Collusion: Imperial doubts it was hurt

Roy Cokayne

Imperial Properties, a division of Imperial Holdings, doubts that the tender price for its Renault dealership in uMhlanga was inflated by collusion between two bidders.

However, it has not yet taken a decision on whether it will lodge civil damages claims against the implicated contractors: listed construction and engineering company Group Five and KwaZulu-Natal construction and engineering group Harding Allison.

Dean Merredew, a project development manager, said he was the developer on the project for Imperial Properties, which acted as a developer with all its projects put out to tender by a quantity surveyor on a bill of quantities.

Merredew said he had no idea construction companies were involved in collusion and bid-rigging on the project. However, he believed it was futile for bidders to collude because the contract was always awarded to the lowest bidder.

“We have five or 10 tenderers on our list and so we have [a] good idea of… what is happening. It’s presumptuous for them to collude because how do they know they will be the lowest,” he said. “We follow the tender process as group but at arm’s length. [It’s] not a public but selected tender based on who in [the] market is capable of doing the job and has the capacity to do [the] job on time.”

He did not think the collusion had resulted in any damage to Imperial Properties, but was sceptical about whether it would trust these two construction companies in the future.

He said any decision about a civil damages claim against the two companies did not rest only him. “I’ll discuss it with the professional team and take it from there,” he said.

The Competition Tribunal last week confirmed a provisional settlement deal between Harding Allison and the Competition Commission related to collusion on the project.

In terms of the settlement agreement, Harding Allison has agreed to pay a fine of R78 821.94 for providing Group Five with a cover price for the tender for the construction of a Renault dealership in uMhlanga.

A cover price is provided by a firm that wants to win a tender to a firm that does not want to be awarded the contract. It enables the firm that wants the contract to submit a higher price or a lower tender price than the firm to which it has provided a cover price.

Construction on the uMhlanga Renault dealership commenced in July 2006 and it was completed in October 2007.

The penalty represents 2 percent of Harding Allison’s annual turnover in the firm’s 2009 financial year.

The case was one of 25 rigged projects for which the commission previously granted Group Five conditional leniency, subject to the group fully co-operating with the commission in prosecuting transgressors of the Competition Act for these cases.

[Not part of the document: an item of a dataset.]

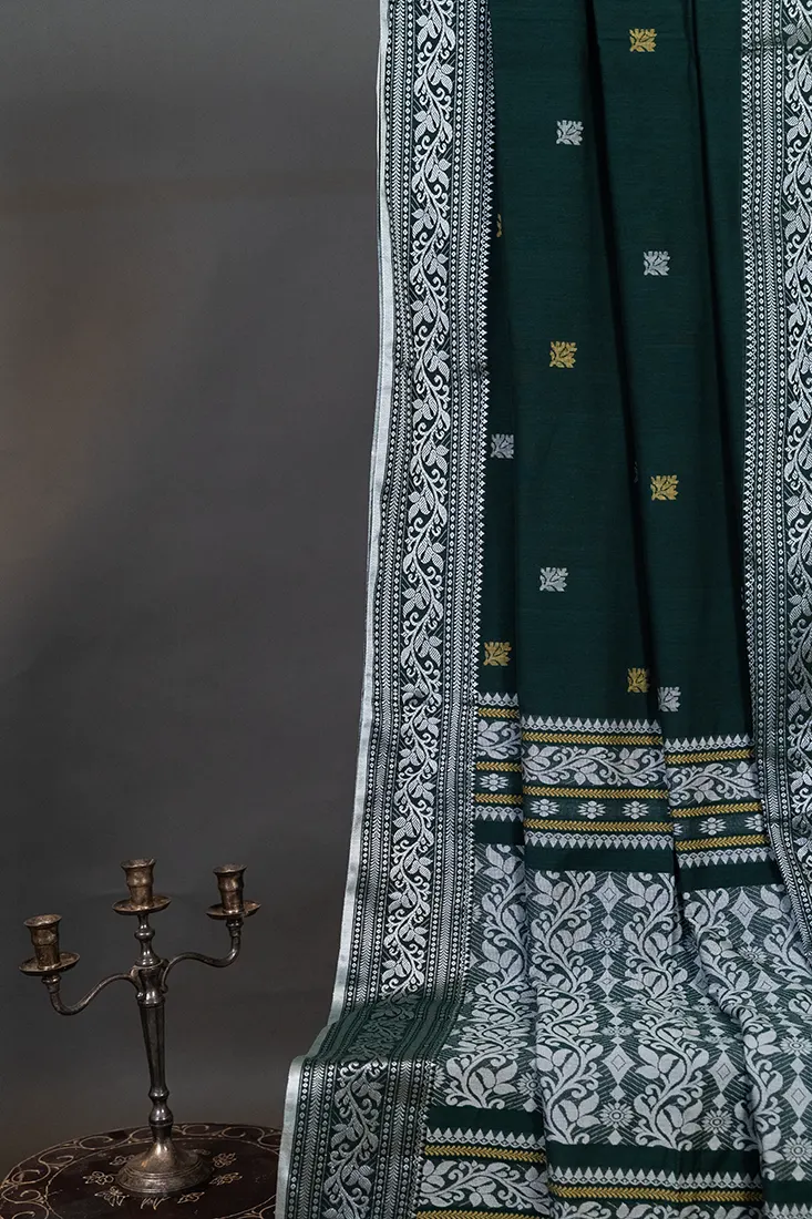 Phulia – Dark Green Modern Floral Design Pure Cotton Handloom Saree

The granting of leniency by the commission does not prevent any client from submitting a civil claim against contractors involved in collusion.

Heidi Geldenhuys, a spokeswoman for Group Five, said the leniency process had not yet been concluded and the group was, therefore, not in a position to make public statements about individual cases.

However, she said the board and executive of Group Five once again confirmed its support for the commission’s process and its commitment to assist the commission in its objective to rid the sector of anti-competitive behaviour.